Patch History - DivestOS Mobile

@GrapheneOS This is useful. Thank you.
@kali There are also the firmware, driver, HAL and Linux kernel patches. This is where /e/OS lags far more behind even on devices where these are available. They're often quite literally years behind on these patches. They claim to have patch levels requiring these patches which are not included, misleading users. They downplay the impact of what's missing. They largely support end-of-life or badly maintained devices where patches are unavailable, but are bad at shipping them when they are.
@kali The full Android Open Source Project security patches require being on the latest release, which /e/OS is not. They lag at least a year behind on yearly OS updates, and the monthly/quarterly updates are only for the latest major yearly branch so they can't provide them in practice. Moderate and lower severity patches including most privacy patches are part of these releases. You can see the Android Security Bulletins only list High/Critical, which is what gets backported, not all of them.

@GrapheneOS my apologies if it wasn’t clear, but my previous post asking for sources was also referencing to your claims of doxxing and harassment- which would have required it’s own link.

It seems unnecessary to provide links to their source code because, as you said, it is already verifiable. Graphene and e/OS/ seem to share different visions. I am ending this conversation now, it’s late in the evening for me.
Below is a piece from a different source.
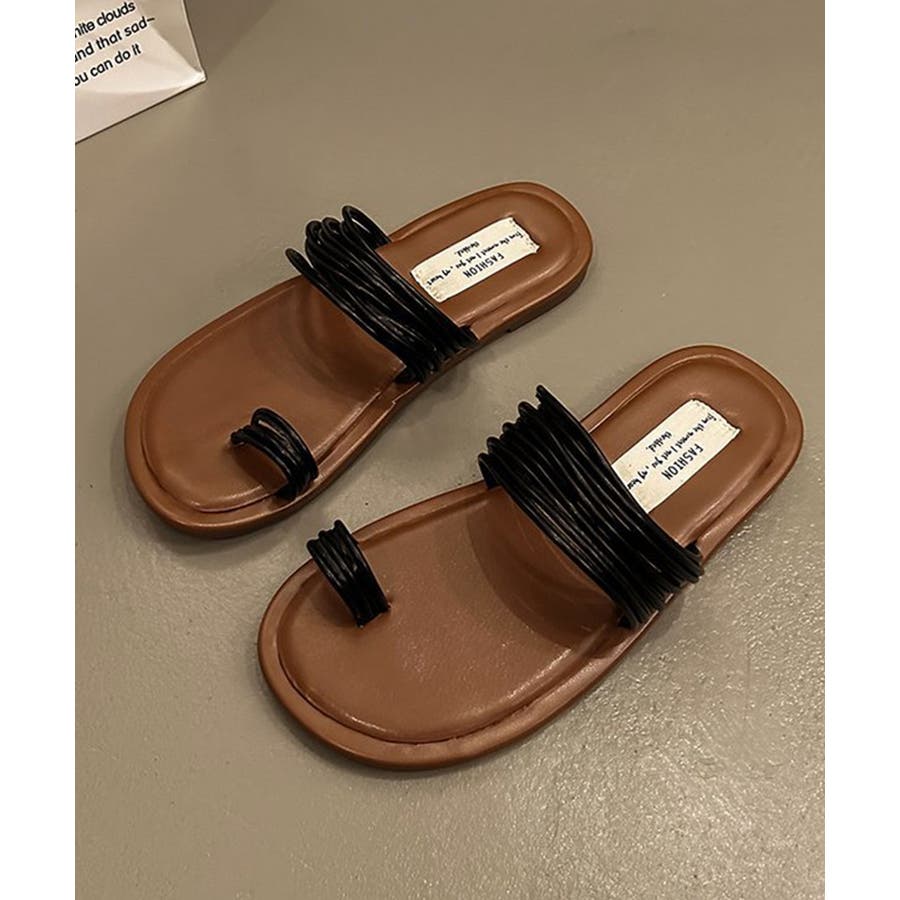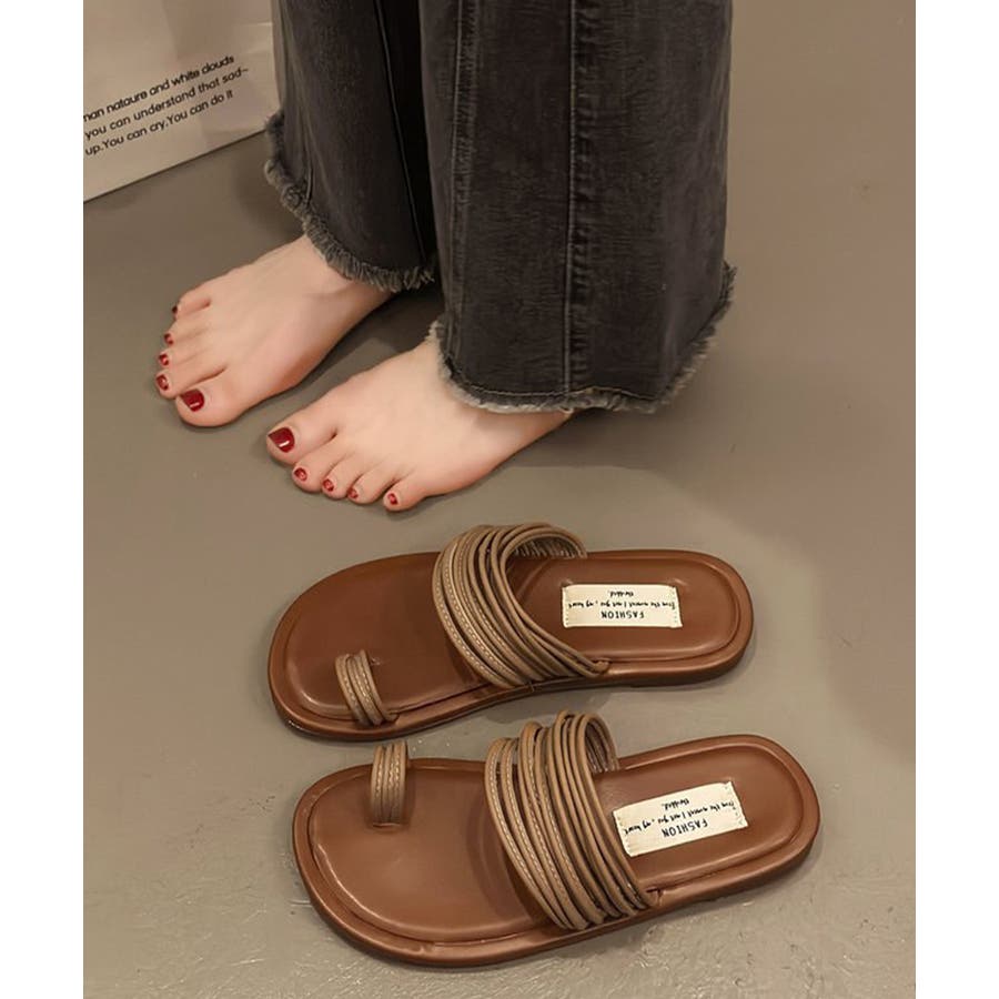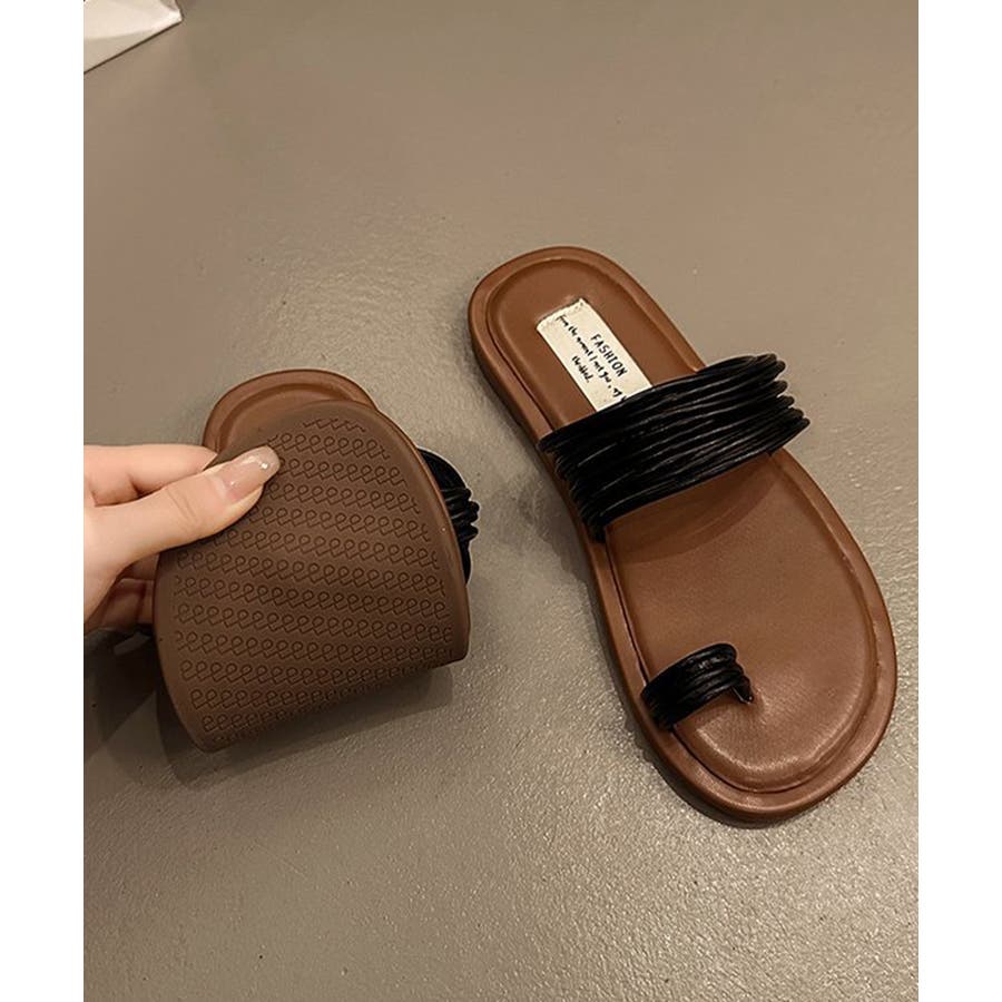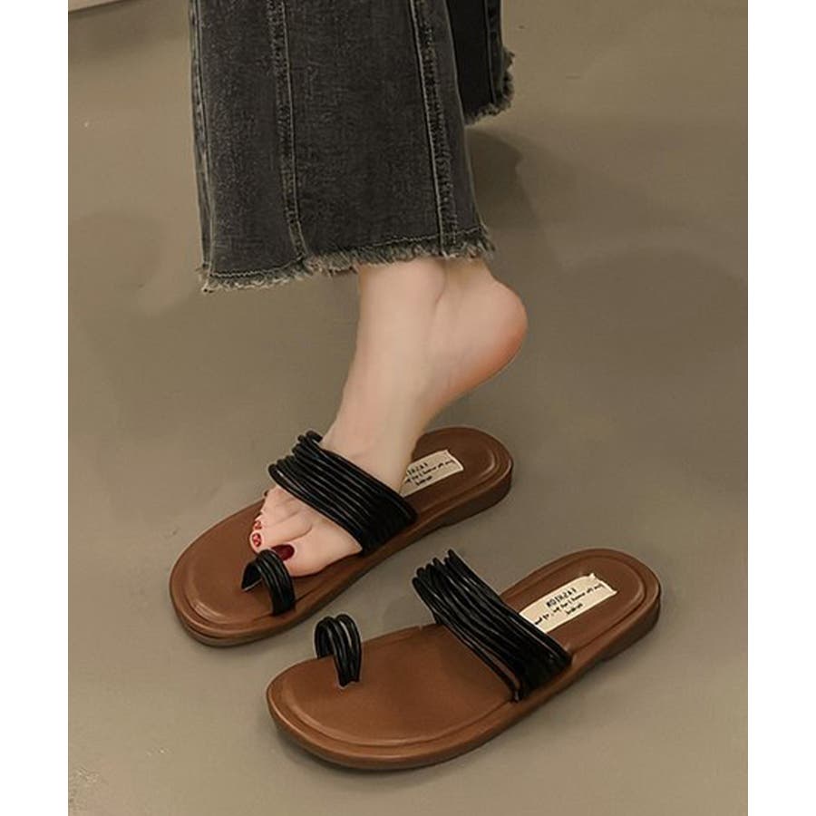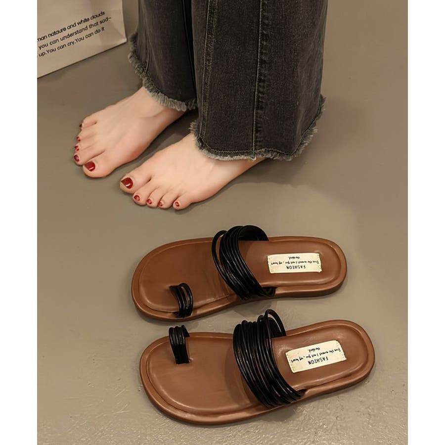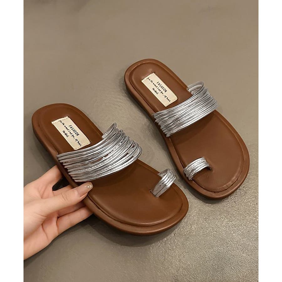 モードな雰囲気漂うメタリックストラップのトングサンダル。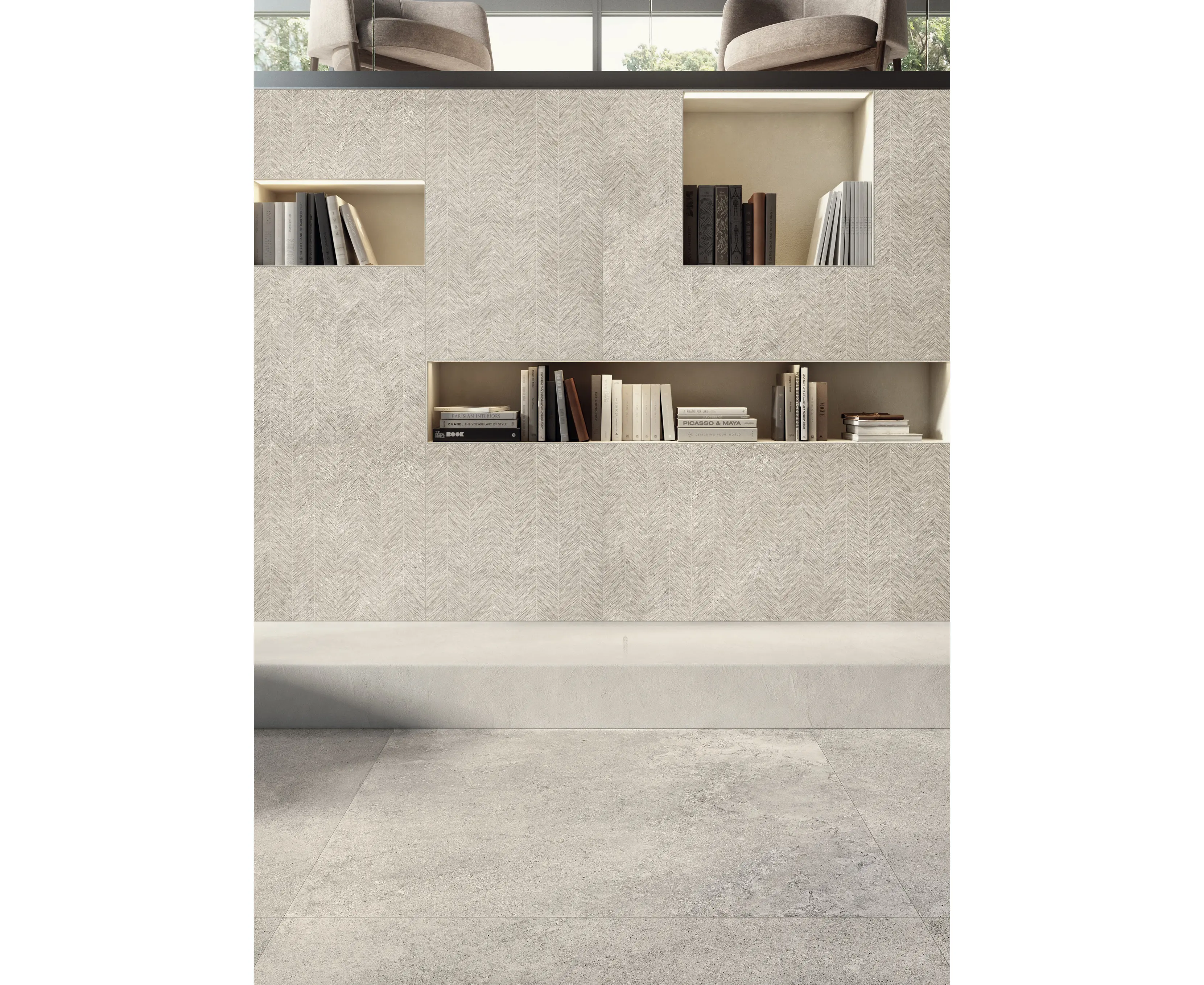 - Efekt naturalnego kamienia – inspiracja wapieniem z regionu Vienne (Limestone + Chauvigny Stone), z delikatną, „piaskową” strukturą}

@kali They were just creating sockpuppet accounts on our forum today engaging in libel targeting our team and spreading misinformation in response to our post about this location service which they don't want people to know is tied to them. It's likely verifiable that it's Gael Duval himself doing it if mastodon.social cooperated and confirmed if the IP address used on our forum matches, if you can convince them to check that.

We have previous posts about their past attacks on our team members.

@kali

We've posted about the harassment from Gael Duval and people who work for him before, so that's available. It also partly happened on Twitter and is still available there.

The source for their lock in plans is their private chat room for discussing coordination on making a proprietary location service and getting all open source projects to adopt it.

@GrapheneOS yikes. “for the open-source software community”, my ass!
@GrapheneOS If I understand you correctly you claim that Positon.xyz have "repeatedly talked about locking people into it and avoiding having alternatives to it"? Could you provide URLs to several of those messages? I've tried DDG-ing SkewedZeppelin (that you mention later in the thread) and Positon, but apparently I'm not that good at searching...

@mnalis

> If I understand you correctly you claim that Positon.xyz have "repeatedly talked about locking people into it and avoiding having alternatives to it"? Could you provide URLs to several of those messages?

It's based on private chat logs.

> I've tried DDG-ing SkewedZeppelin (that you mention later in the thread) and Positon, but apparently I'm not that good at searching...

That was in reference to /e/OS, the major backer of this service and their upcoming "libre" rebrand of it.